■ **RECORDS TO PROCESS**
____
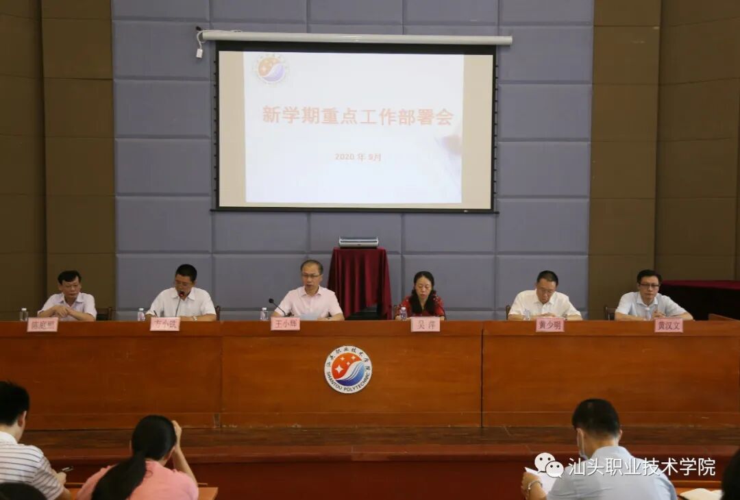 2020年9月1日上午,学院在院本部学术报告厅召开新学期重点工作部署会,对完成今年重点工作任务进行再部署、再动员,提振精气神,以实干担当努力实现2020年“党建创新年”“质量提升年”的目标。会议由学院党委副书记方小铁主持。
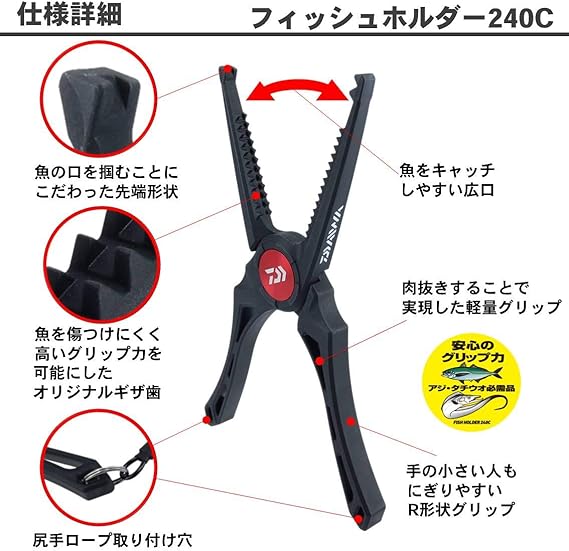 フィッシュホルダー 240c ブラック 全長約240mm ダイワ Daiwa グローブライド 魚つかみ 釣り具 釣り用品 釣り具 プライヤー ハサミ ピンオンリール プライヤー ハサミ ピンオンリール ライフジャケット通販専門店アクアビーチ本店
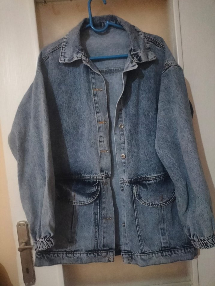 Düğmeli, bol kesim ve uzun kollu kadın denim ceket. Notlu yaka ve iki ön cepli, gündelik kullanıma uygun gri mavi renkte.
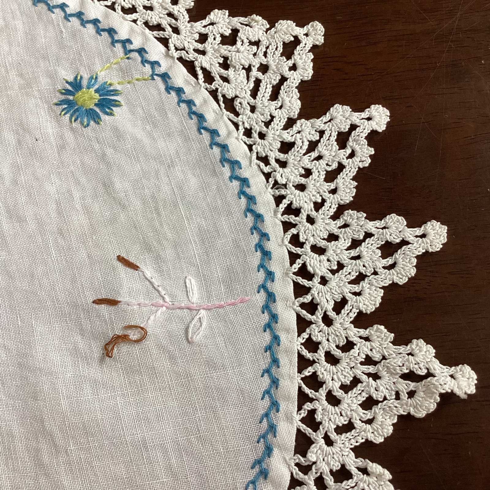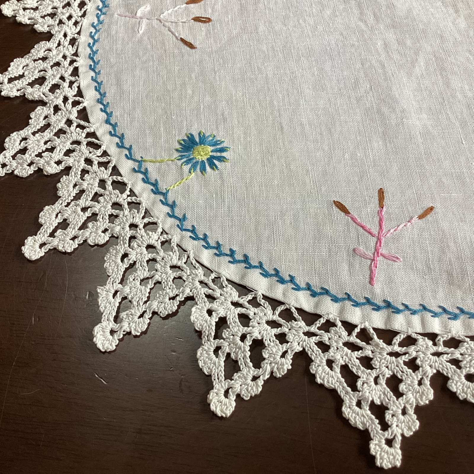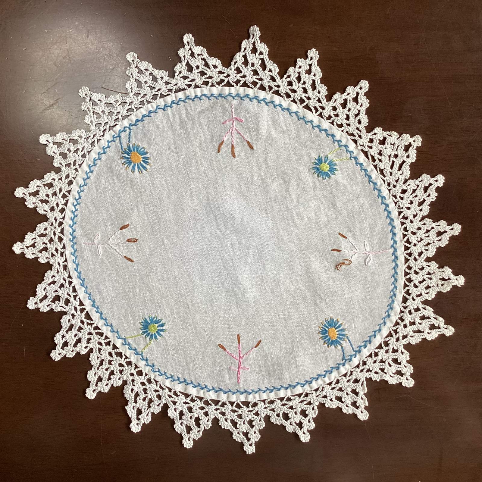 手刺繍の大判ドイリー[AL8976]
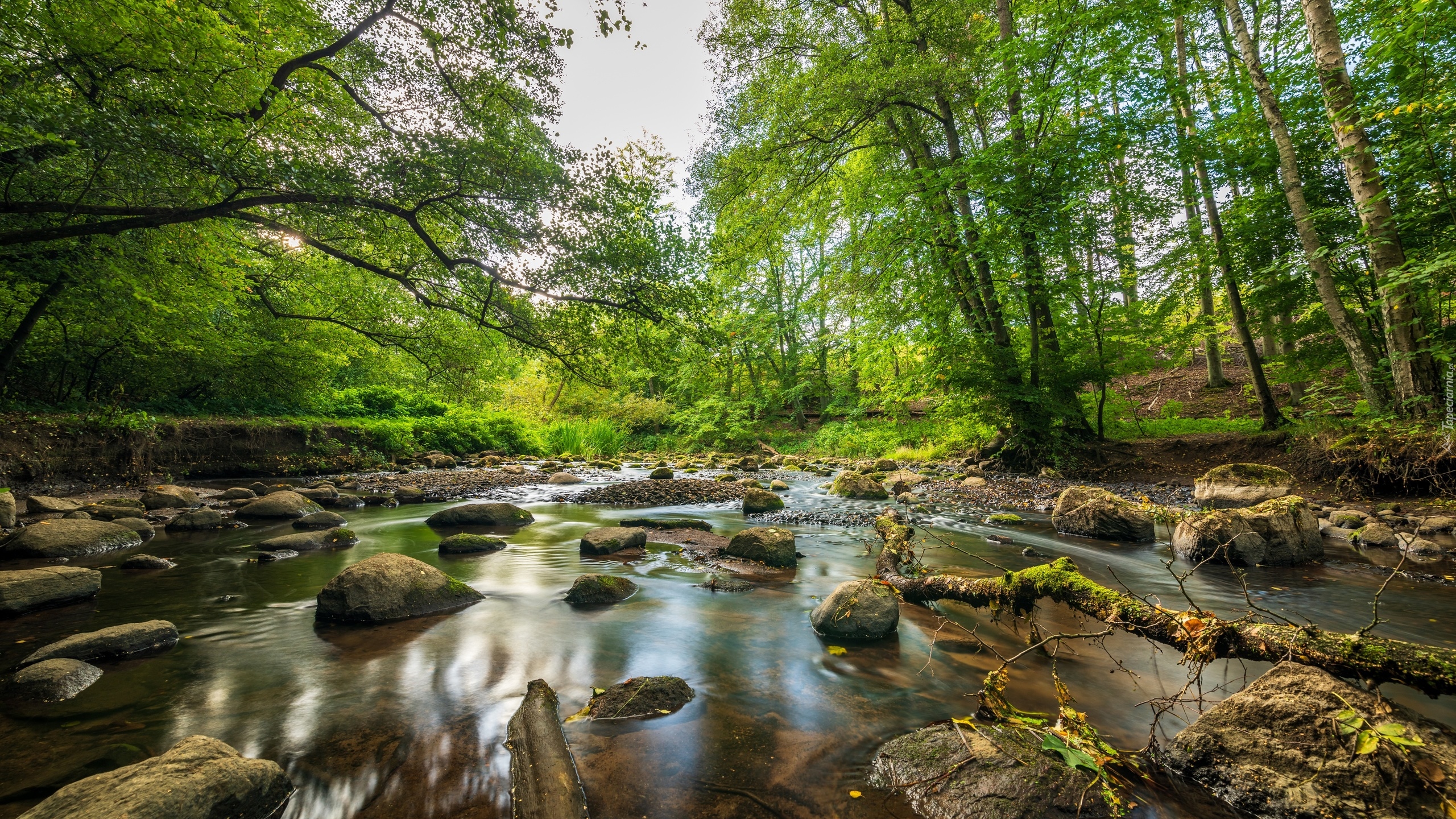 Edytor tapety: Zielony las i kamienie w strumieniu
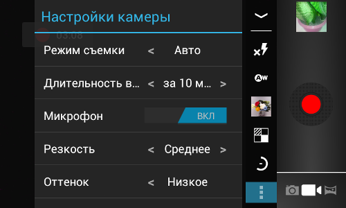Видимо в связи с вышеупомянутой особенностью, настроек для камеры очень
____
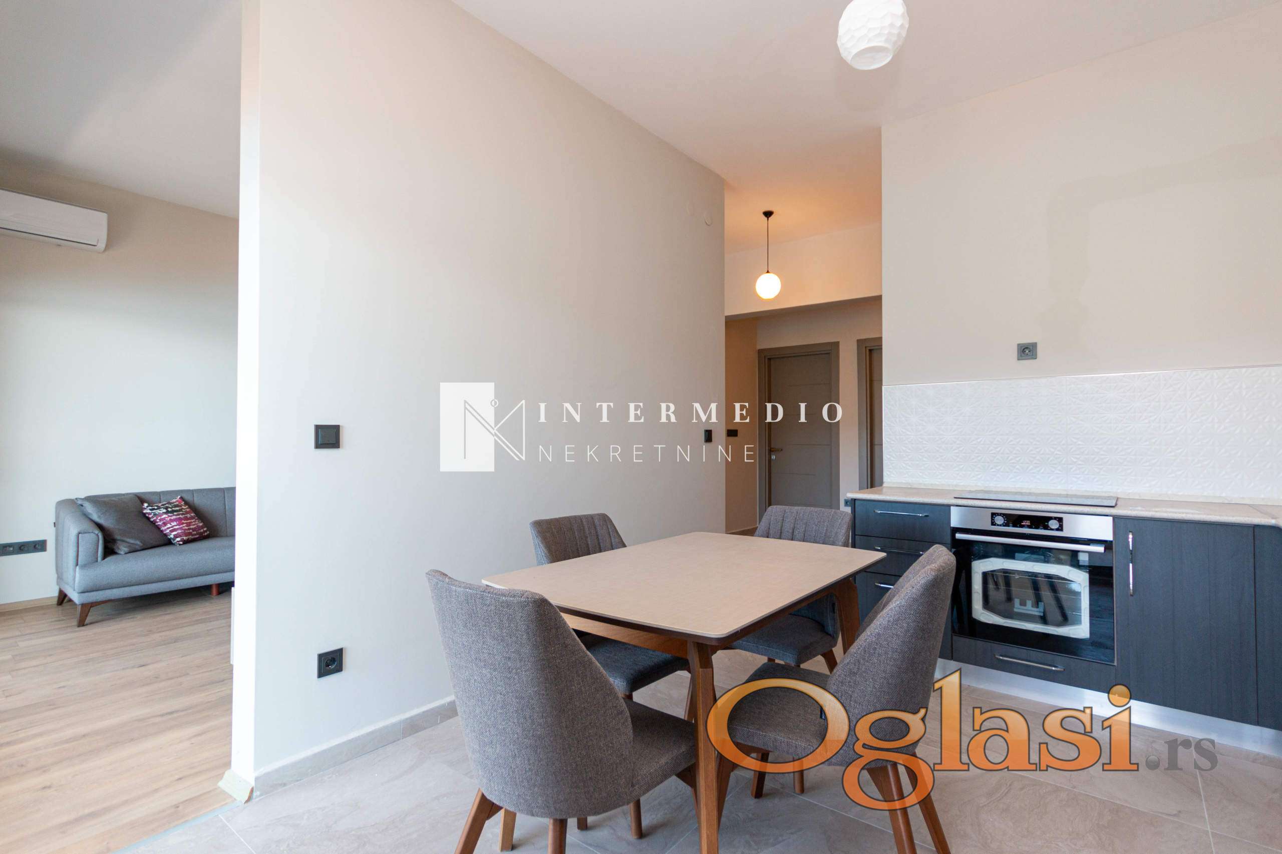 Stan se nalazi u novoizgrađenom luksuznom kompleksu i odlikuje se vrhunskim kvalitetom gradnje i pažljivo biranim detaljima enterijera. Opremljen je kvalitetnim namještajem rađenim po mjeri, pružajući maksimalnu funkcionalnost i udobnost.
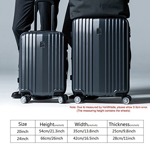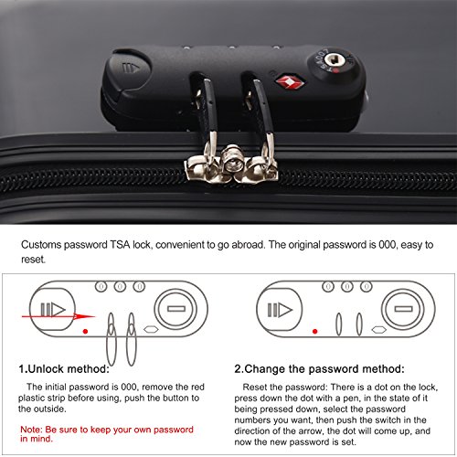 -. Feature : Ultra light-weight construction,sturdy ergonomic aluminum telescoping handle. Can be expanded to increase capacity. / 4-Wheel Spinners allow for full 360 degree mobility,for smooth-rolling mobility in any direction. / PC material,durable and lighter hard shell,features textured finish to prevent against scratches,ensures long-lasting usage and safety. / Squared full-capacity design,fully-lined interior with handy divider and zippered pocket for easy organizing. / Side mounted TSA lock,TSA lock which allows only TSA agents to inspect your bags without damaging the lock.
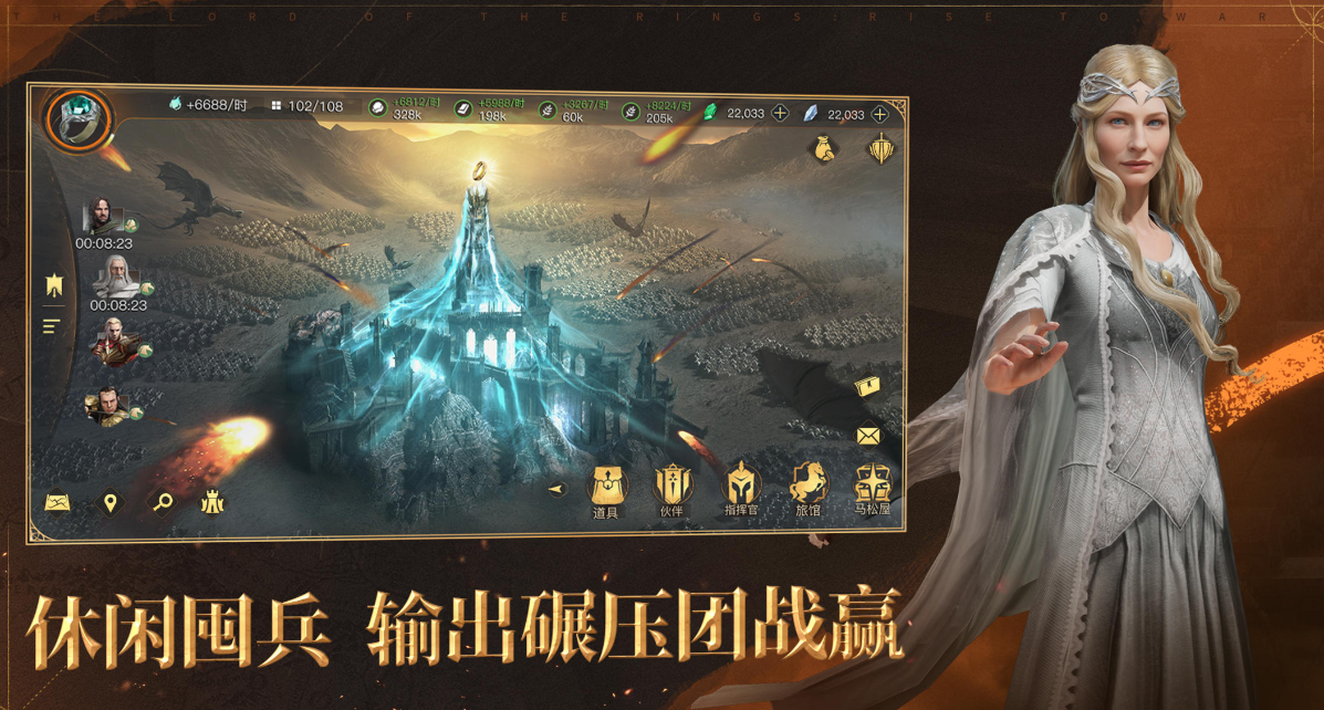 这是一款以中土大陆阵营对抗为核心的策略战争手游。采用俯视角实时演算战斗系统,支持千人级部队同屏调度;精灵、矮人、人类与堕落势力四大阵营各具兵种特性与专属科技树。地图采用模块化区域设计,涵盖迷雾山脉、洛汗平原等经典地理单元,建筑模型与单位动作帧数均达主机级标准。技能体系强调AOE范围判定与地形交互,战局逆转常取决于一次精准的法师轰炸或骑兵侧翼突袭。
____
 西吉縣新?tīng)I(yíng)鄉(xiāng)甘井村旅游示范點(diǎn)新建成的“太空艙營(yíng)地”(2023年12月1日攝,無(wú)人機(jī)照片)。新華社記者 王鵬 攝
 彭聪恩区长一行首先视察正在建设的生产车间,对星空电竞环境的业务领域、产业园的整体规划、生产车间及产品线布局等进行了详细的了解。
____
■ **TASK BRIEF**
Extract from the material above the stretch running from the line containing "Edytor tapety: Zielony" through the line containing "Видимо в связи". Keep the text exact and the pictures out.

■ **SOLUTION TO THE EXERCISE**
 Edytor tapety: Zielony las i kamienie w strumieniu
Видимо в связи с вышеупомянутой особенностью, настроек для камеры очень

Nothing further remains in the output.